Monday, November 23, 2009

Crossing Paths

After my late Friday night, I slept in a bit and then woke up to a solo day in Santiago. I was free to explore the city and I wanted to start with Cerro (Hill) San Cristóbal, which is located in a city park very near my apartment and has a great overlook of the city (click for a better view):



There is also a Virgin Mary statue at the top of the hill. It's an easy climb to the top, with a wide paved road for cars going all of the way up. I Google mapped it and it was only 5k from my apartment to the top. I was a bit hungry and lazy when I got there, so I took the fernicular back to the bottom. There is a zoo in the park as well, but I didn't think it was worth seeing based on its size.

The base of the hill flows right into Bellavista, so I strolled the streets to see what it was like during the day. There were some cafes serving lunch and street vendors selling cheap trinkets on the sidewalks. I walked by a cafe and two girls caught my eye, gringos of course. I saw that one was reading a guidebook, another clue that they were tourists. I kept walking and went to the corner, and made a decision that would change the course of my trip.

Should I go back and talk to these strangers (which by now, you should know that I absolutely hate doing), or do I continue on my way? I decided to go back and talk to them. I asked if they spoke English (in Spanish), and was surprised at their accents. They weren't American, as I had guessed. One was Dutch (Carolien) and the other German (Christine).

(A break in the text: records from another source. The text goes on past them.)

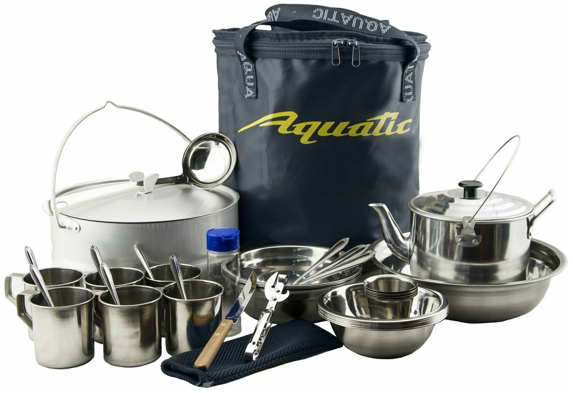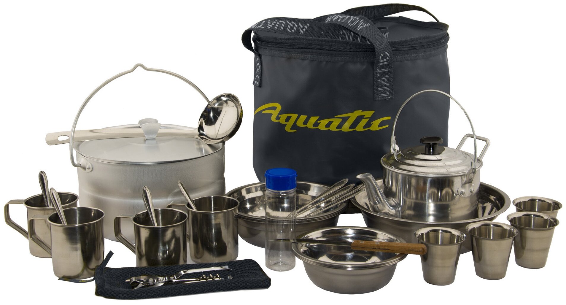 | Комплектация | – Ведро В-04 30 литров (герметичное, с крышкой) – 1 штука; – Котелок 6 литров (алюминий) – 1 штука; – Чайник 2,6 литров (алюминий) – 1 штука; – Миска 2,8 литров (нержавеющая сталь) – 1 штука; – Миска 1 литр (нержавеющая сталь) – 6 штук; – Миска (нержавеющая сталь) – 6 штук; – Кружка 300 миллилитров (нержавеющая сталь) – 6 штук; – Стопка 100 миллилитров (нержавеющая сталь) – 6 штук; – Ложка столовая 18,9 сантиметров – 6 штук; – Ложка чайная 13,7 сантиметров – 6 штук; – Штопор с открывалкой – 1 штука; – Половник 30 сантиметров (нержавеющая сталь) – 1 штука; – Нож универсальный – 1 штука. – Емкость для специй – 1 штука. |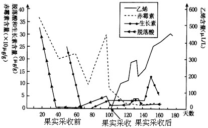 2、连线题 研究人员测定了香梨果实从形成到成熟及采收后某些激素含量的动态变化,其结果如下图所示,请分析并回答: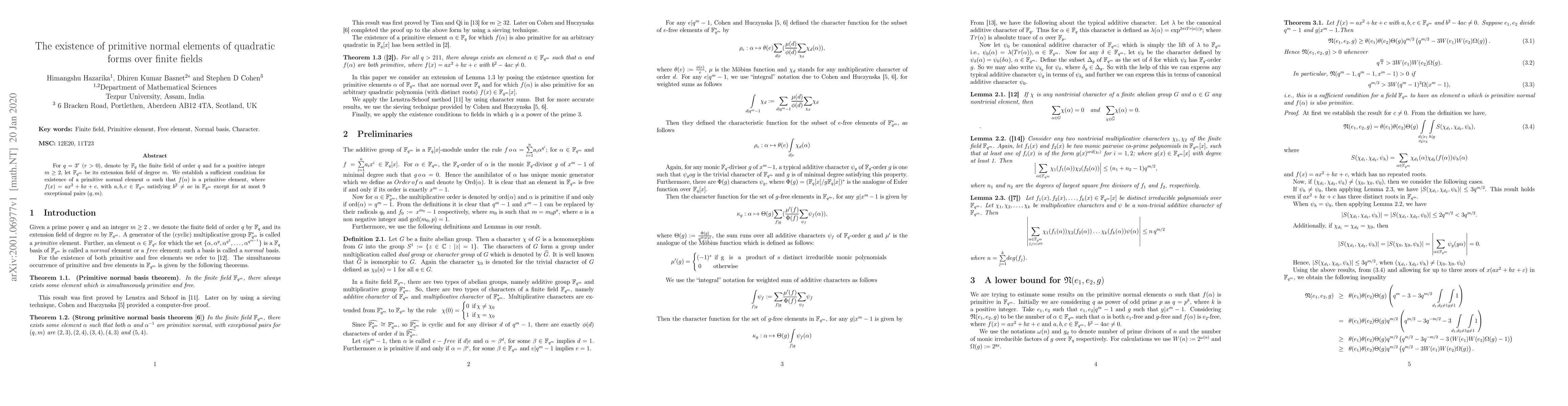 Researchers establish a condition for the existence of primitive normal elements in quadratic forms over finite fields, focusing on specific exceptions where b^2 is equal to ac.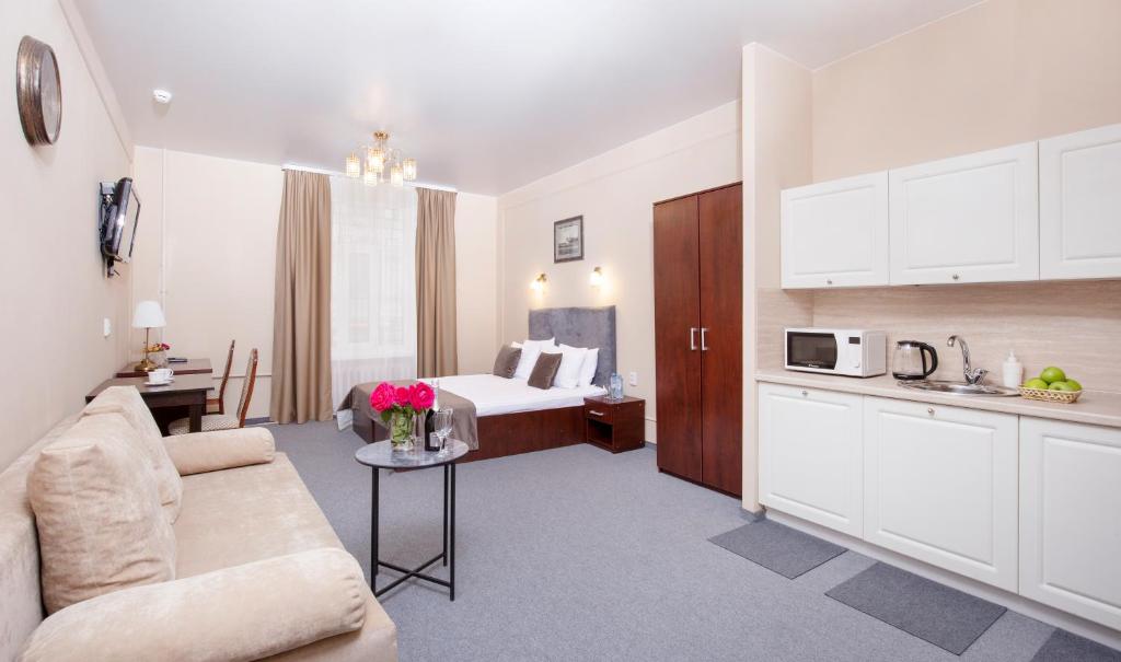 Отель разместился в историческом четырехэтажном здании, расположенном в середине Моховой улицы. Гостей ожидают номера разной категории комфорта, выдержанные в классическом стиле. В каждом номере имеется удобный мебельный гарнитур, кондиционер, мини-холодильник, телевизор, в санузле для гостей подготовлен набор косметических принадлежностей. Номера повышенной комфортности оснащены кухней, а в бюджетных вариантах санузел внешний - находится напротив номера на этаже. Для гостей в отеле организована общая кухня с микроволновкой и кофемашиной, там можно самостоятельно приготовить или разогреть еду, также в гостинице доступен беспроводной интернет.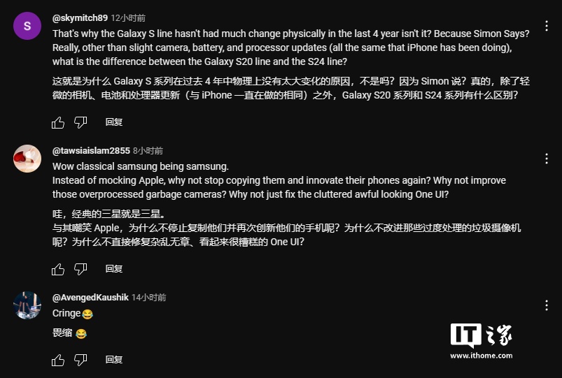 然而IT之家注意到,网友们在评论区指出,三星近年来在手机创新方面并没有取得显著突破,三星应该专注于自身产品的创新,而不是一味地攻击竞争对手。
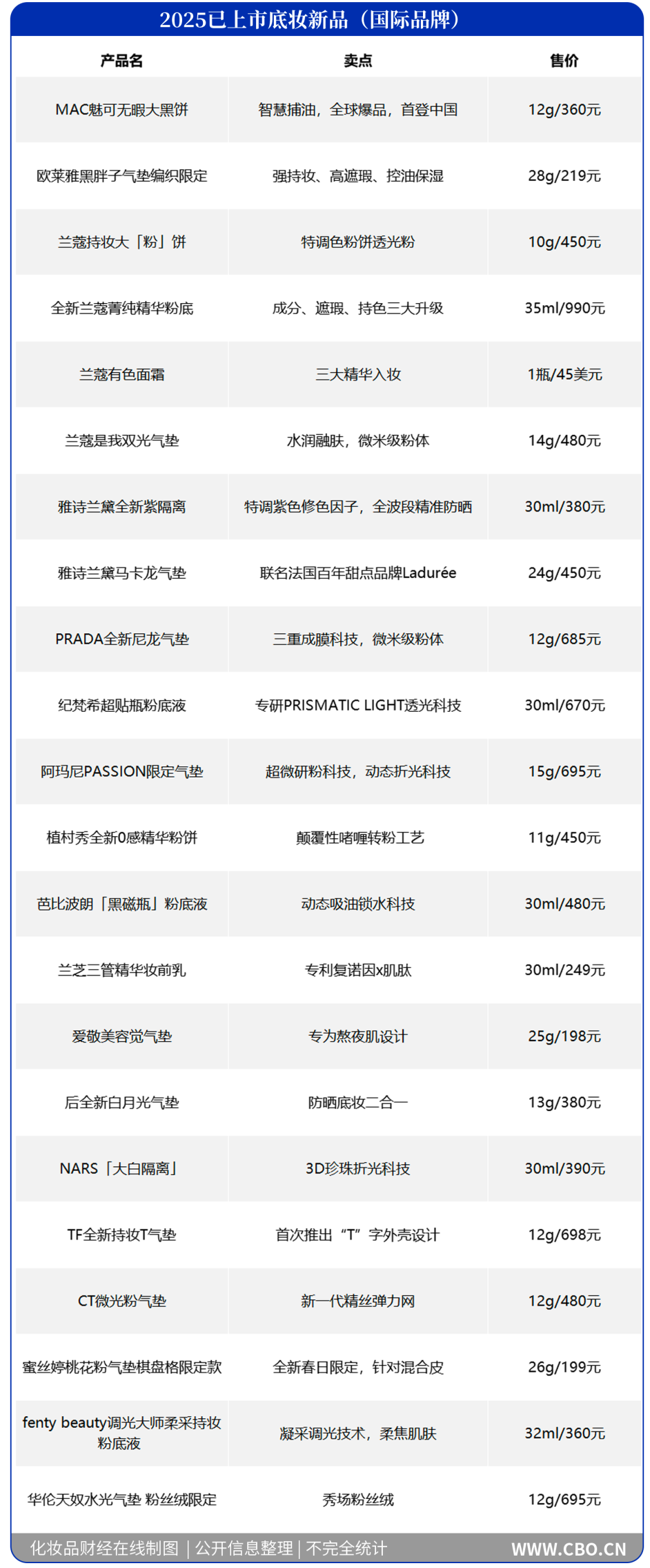 从上新频率看,今年,外资品牌上新率不及国货品牌。据CBO统计,主要外资美妆品牌共上新22款底妆新品。

Here's a pic of my European amigos:


They were super-cool and invited me to go to a museum with them - Pablo Neruda's former residence in the city. I had read about him a little in my guidebook, but didn't know that much of his work. I had no real plans for the rest of the day, so I tagged along.

Pablo Neruda was a popular Chilean poet/political activist from the '40s-'70s, and even won the Nobel Prize for Literature. Neruda supposedly founded the neighborhood of Bellavista... there are a lot of artists, lofts and graffiti/murals that can be attributed to him living in the neighborhood and surrounding himself with those kind of people. He was a very eclectic guy, and counted Diego Rivera, Che Guevara and Andy Warhol among his friends. His house had a very weird design to match his tastes, and was filled with art from all over the world. I wouldn't go out of my way to see it if I was recommending things to do in the city, but it was a good way to waste a few hours since I had time. Also, there is only one English tour per day on Saturday, so make sure you get a reservation.

The Euro girls were nice enough to include me in their plans for the next day (and weekend). More to come on that (see my next post).

I finished up the day at Parque Arauco, one of the premier shopping malls in the city. I was surprised to find that it wasn't that different from a U.S. mall, except for the language of course. Prices were exactly the same to my dismay, but I still ended up buying a shirt at Zara. Their department stores (Paris and Ripley's were the major ones) were a bit different though. Imagine a store like Macy's, but then you add an electronics section, sporting goods and home appliances. You can literally find anything there.

For a first 'free' day in the city, it was a good start. I was beat, and had a big hike coming the next day. I didn't even attempt to go out on Saturday night. I decided to rest up for the next day's adventure.